Evidemment, ce film a vocation à toucher le plus grand nombre. Evidemment, au-delà d'un certain âge, car on ne peut pas montrer ce film aux moins de 12 ans, et c'est raisonnable de ne pas le faire (sauf exception de maturité).
Le duo Ryan Coogler / Michael B Jordan a déjà sévi dans des films de "commande", Creed ou Black Panther. Ici, même si on continue de travailler pour une major, la Warner, c'est bien un script de Coogler qui est ici vendu. Donc, quelque chose de plus personnel.
Du pur divertissement
Evidemment, on est sur un film d'action mais pas que : du film de mafia et de ségrégation en costard. Du film de valorisation de la culture noire. Du film de blaxploitation. La première guerre mondiale est passée. Les gens sont bien habillés, il y a de la romance, du sexe, de la bagarre, de la violence. La vraie vie, quoi. Un peu stylisée.
Les vampires et le KKK contre le reste du monde
Evidemment, il faut bien que ce film parle de quelque chose de sérieux, sinon, vanitas vanitatum, évidemment. Que sont les vampires, si ce n'est une émanation du KKK ? Ils sucent le sang, vident les autres personnalités de leur substance, de leur conscience propre, ils transforment les noirs en danseurs celtiques, des marionnettes. Mais ne nous arrêtons pas au KKK. Ce sont les blancs qui ont écrasé toute autre ethnie, celle qui était déjà là comme celle qu'ils ont importé. Nous sommes des tueurs, nous les blancs, notre civilisation dite supérieure.

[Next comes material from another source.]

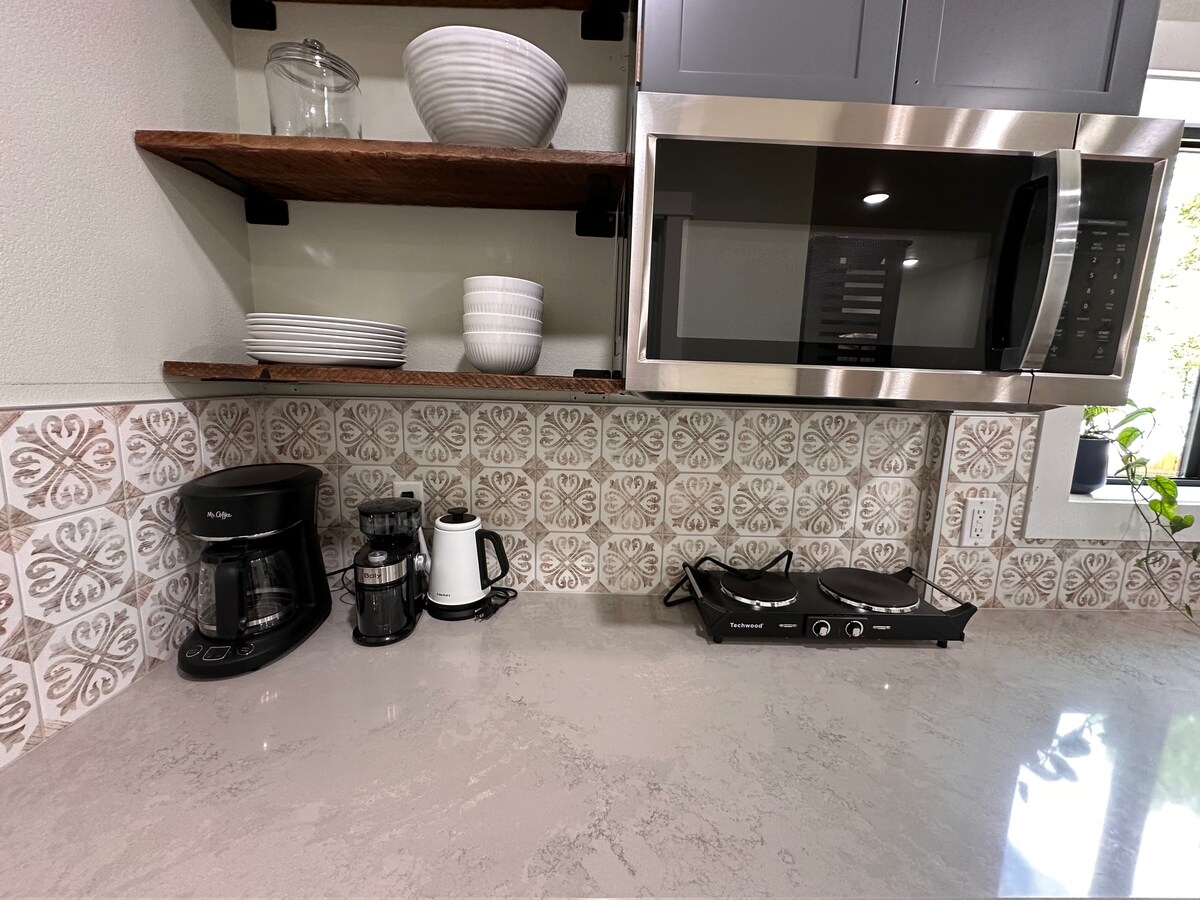 - Kitchenette: microwave, refrigerator, kettle, coffee pot, plates, bowls, cups, and dining area
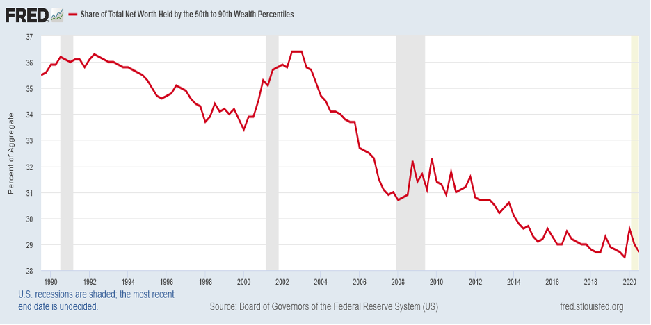 This collapse in Manufacturing and Manufacturing Jobs created a truly deleterious impact on Median Family Income. This can be seen in the collapse in Net Worth for the Middle Class families in the 50th Percentile to 90th Percentile of the Income Strata:

Et parfois au nom de cette civilisation dite supérieure : les bienfaits de la colonisation my ass.
Et puis, la lumière
Parce que oui, la lumière existe. Je ne sais pas si on peut le qualifier de virtuose, mais ce long plan séquence au cours de la mégateuf dans le club de blues, qui célèbre tout le spectacle vivant des cultures noires, qu'elle soit américaine ou africaine, qu'elle provienne du fond des temps ou que l'on parle de rap, c'est un moment tellement intense, tellement vivifiant que finalement, c'est quand même la meilleure scène du film. En tout cas, celle que je retiens.
Mon enthousiasme déborde peut-être un peu de la qualité intrinsèque du film. Peu importe, c'était un bon moment.